Thanks, I learn a lot. This is nearly planned economy! I thought that happened only in China due to the planned economy in the past. In difficult times, this type works well, but it can't last long.
In the end, the spirit of a passionate startup entrepreneur who must fight and cope many obstacle that can be found in many bad government regulation and restriction that make it matter. I prefer less regulation for small medium enterprises to make market capitalism works better. We have to give incentive for the startup businesses who has lack of capital, experience, and political power but in other hand many of them have huge spirit and ideas (since they come from younger generation) that is needed to make our economy competitive and resilient. .
In the old time, USA people can start their own business from home (Microsoft, Google, Nike, etc) , but not any more now (@LeveragedBuyout is it really what happen in USA ?)

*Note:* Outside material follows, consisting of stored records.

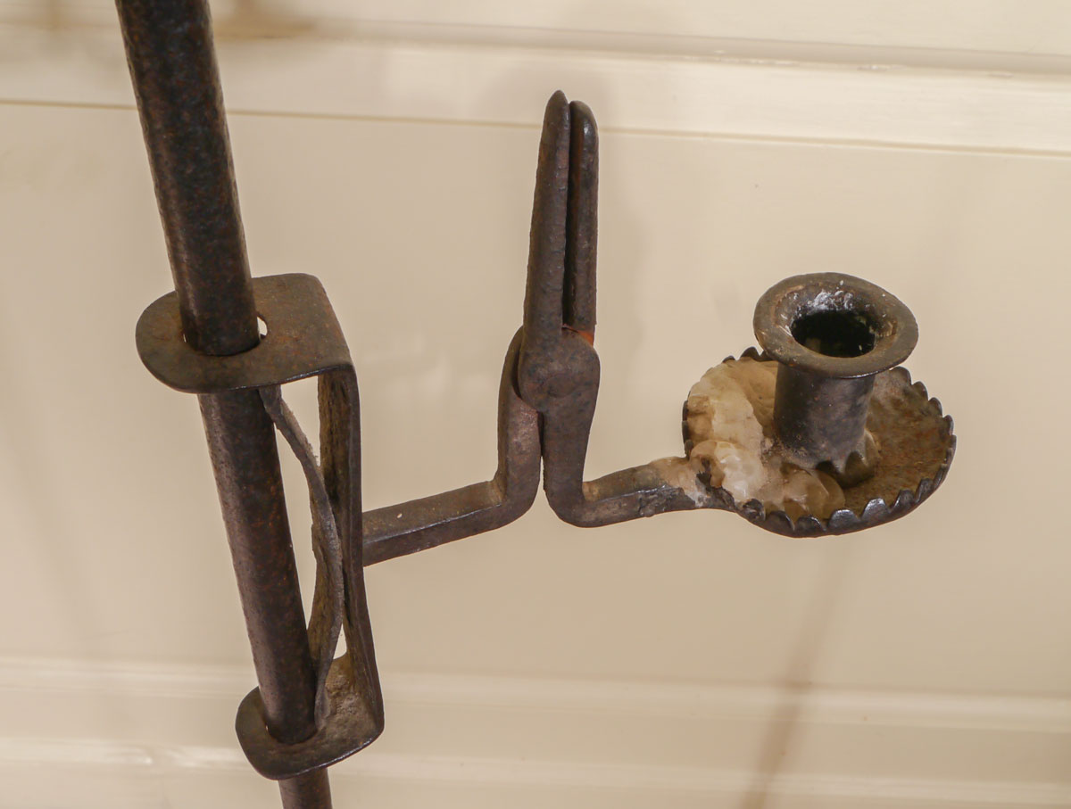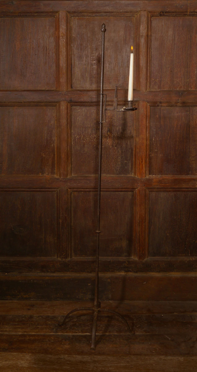 The stem, terminating in a well-defined acorn finial, above a circular shaft fitted with a spring adjustable bracket, supporting the rushnip and candle socket, below which is a grease pan, with a serrated edge. Towards the bottom of the stem is a discoid knop to prevent the bracket sinking too close to the floor.
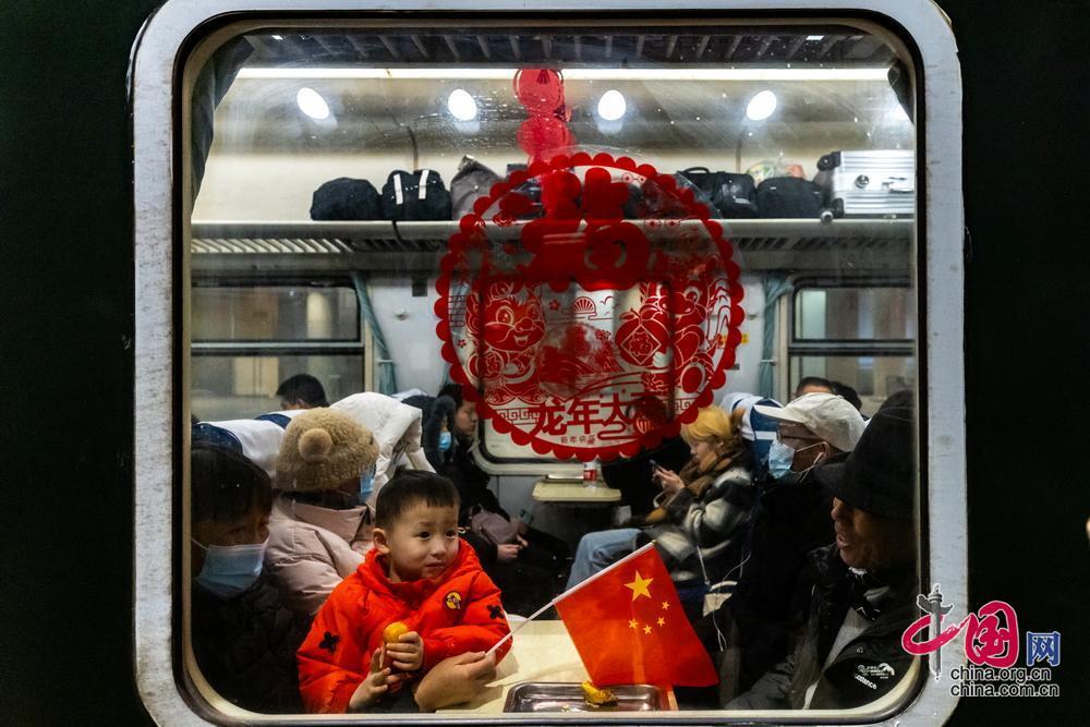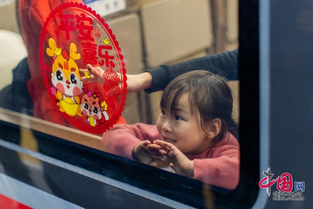 春運首日北京地區(qū)首趟普速列車K5207次上的溫馨裝飾。中國網記者 鄭亮攝
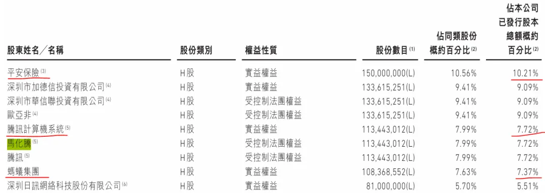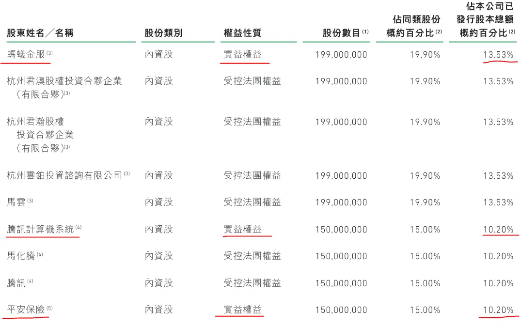 可以看到,蚂蚁的股份已经从13.53%降低到7.37%,腾讯计算机系统也从10.2%降低到了7.72%。
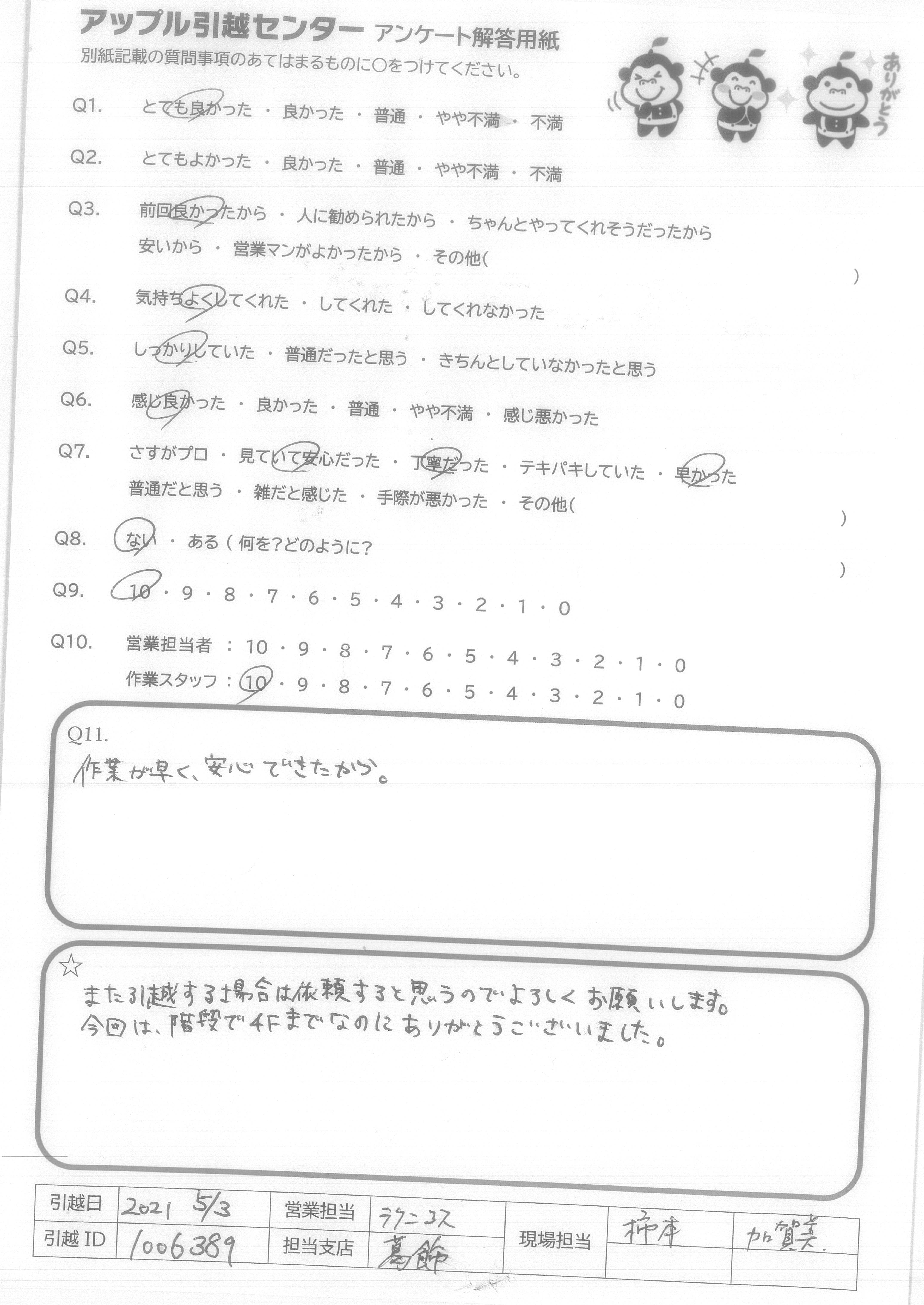A.また引越する場合は依頼すると思うのでよろしくお願いします。 今回は、階段で4Fまでなのにありがとうございました。

Essentially correct, Indos. While the so-called startup community in Silicon Valley appears to maintain the illusion that small businesses can still thrive and grow easily in the US, the truth is that technology (and even more specifically, software) has unique characteristics, and the venture capital community offers a safety net to unworthy ideas there that is unavailable to any other industry.

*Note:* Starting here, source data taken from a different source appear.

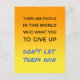 Detta är ett inspirerande vykort, med ett citat som uppmuntrar er till positiv tänka och vara stark. "DET FINNS MÄNNISKOR I DEN HÄR VÄRLDEN SOM VILL ATT DU SKA GE UPP. LÅT DEM INTE VINNA". Texten är svart och blå, på en ljus gult och orange.
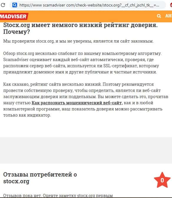 Официальный сайт компании Stocx Org (Stocx Biz) имеет довольно низкий рейтинг доверия
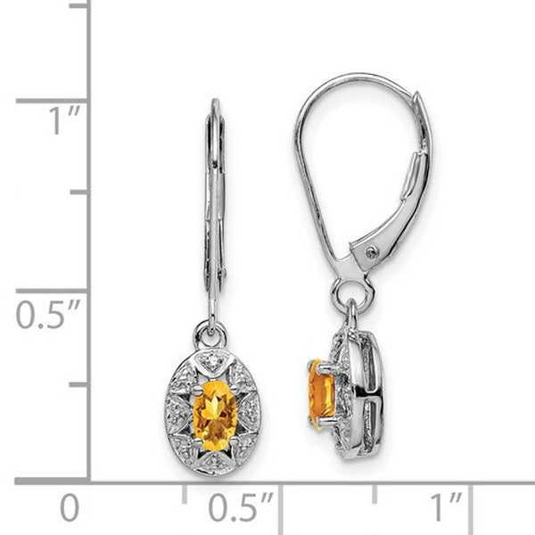 Sterling Silver Rhodium-plated Diam. and Citrine Earrings
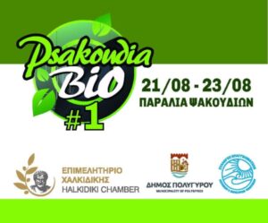 Η Έκθεση Βιολογικών Προϊόντων Ψακουδίων 2025 αναβιώνει και θα πραγματοποιηθεί σε συνεργασία με τον Δήμο Πολυγύρου και τον Σύλλογο Επαγγελματιών, Κατοίκων και Ιδιοκτητών Ψακουδίων στην Παραλία Ψακουδίων το διάστημα 21-23 Αυγούστου 2025 και ώρες 22:00 – 00:00
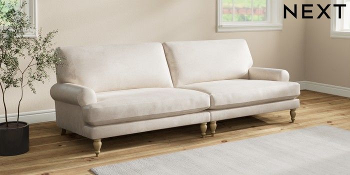 7.2.10 Erin Deep Relaxed Sit 4 Seater Large Sofa Plush Chenille Oyster High Classic Turned - Light | Made Click here to use our website with more accessibility support, for example screen readers

The truth of the matter reveals itself with a business like Home Depot. For those who are not familiar, Home Depot is a hugely popular "big box" retailer of home improvement and construction products (I believe a competitor, Kingfisher's B&Q, operates in China). The founders of Home Depot have repeatedly stated that due to the crushing weight of regulation and taxes that exist today, they never would have been able to succeed and build a multi-billion dollar company if they had tried to do so today. Politicians, and the citizens who elect them, see business as a monolithic bloc, and forget that only the largest businesses are able to hire the armies of lawyers and accountants necessary to survive government regulation, and only the largest businesses have sufficient revenue to bear the costs of this compliance. Obamacare may be the final nail in the coffin that crushes SMEs in the US, and it shows in the lackluster job growth we've seen since Obama entered office.

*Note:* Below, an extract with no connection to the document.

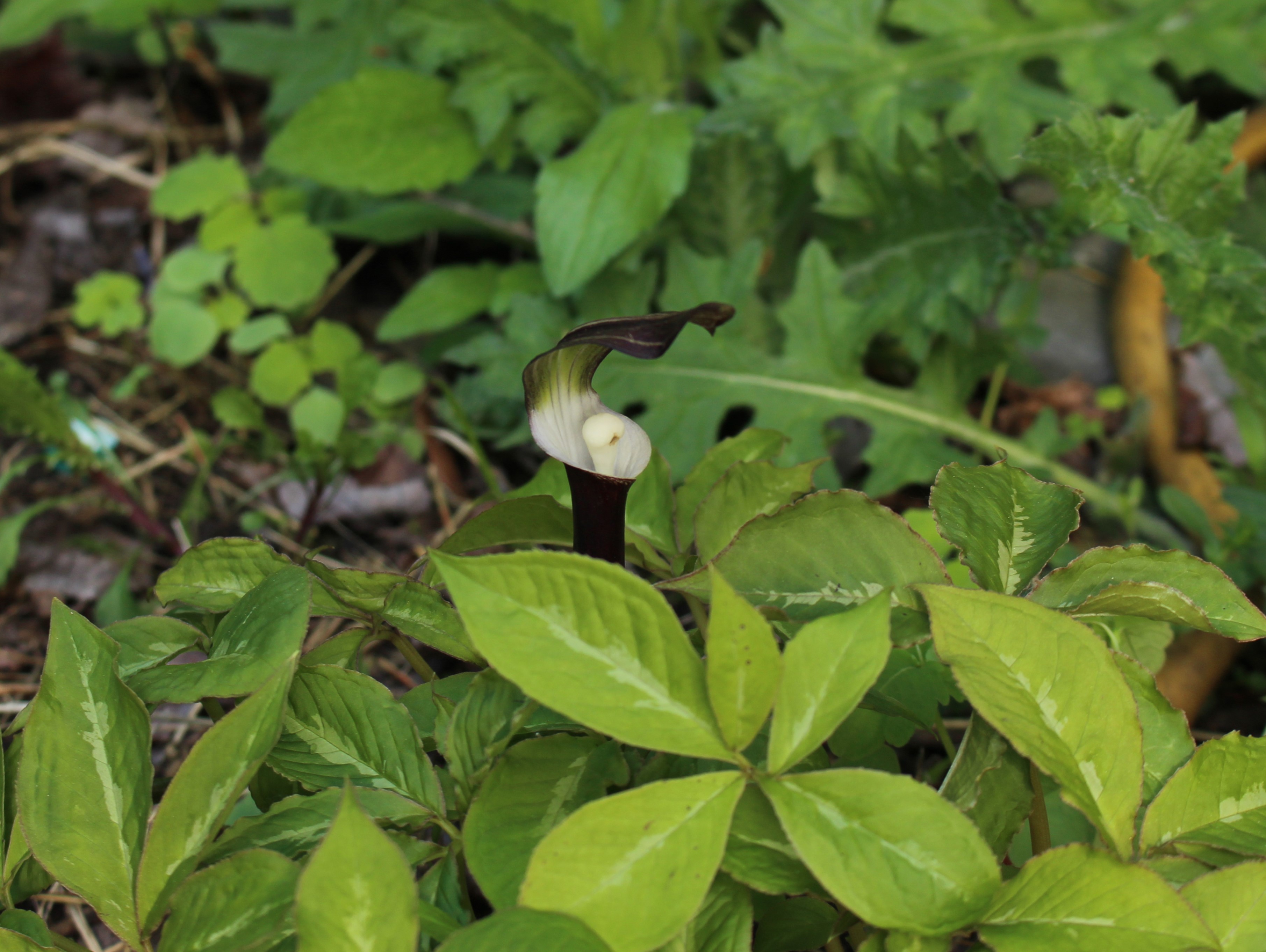 Arisaema sikokianum. Although my picture doesn’t do it justice, I hope you can appreciate the mottled foliage and bright contrasts of this flower.

As you say, we need to provide incentives the founding of new businesses and enable them to succeed. They already have a disadvantage with higher capital costs (due to a short track record, low revenues and earnings), why compound the issue with this crushing government regulation?
Maybe we can't see the rise of such kind like Facebook, Twitter, Google and such anymore, isn't true?
Facebook, Twitter, and Google are still possible, because while they look like separate innovations, in truth, it's all the same company. 90%+ of their revenue comes from advertising. The entire search and social industries in Silicon Valley are based on advertising revenue, and that's what the VCs fund. Software is also an exception due to its unique characteristics, but other than that, founding and growing an SME is extremely difficult these days.
Good luck trying to start a new manufacturing company or retailer, though. In other words, good luck trying to produce something tangible in America. Remember that Tesla was built by someone who already had made his billions through Paypal and had connections with all of the big VCs in Silicon Valley and the "green" community (but I repeat myself), and got hundreds of millions of dollars in government subsidies to grow his business. Most people don't get the benefit of that kind of crony capitalism.
It's more like almost impossible to penetrate the barrier has been made by the incumbent big player ( especially in manufacturing, automotive and retailer sector) , with their tendencies to make a merger and capitalizing their resources and make them much more proficient and effective money printer in the so called free market society.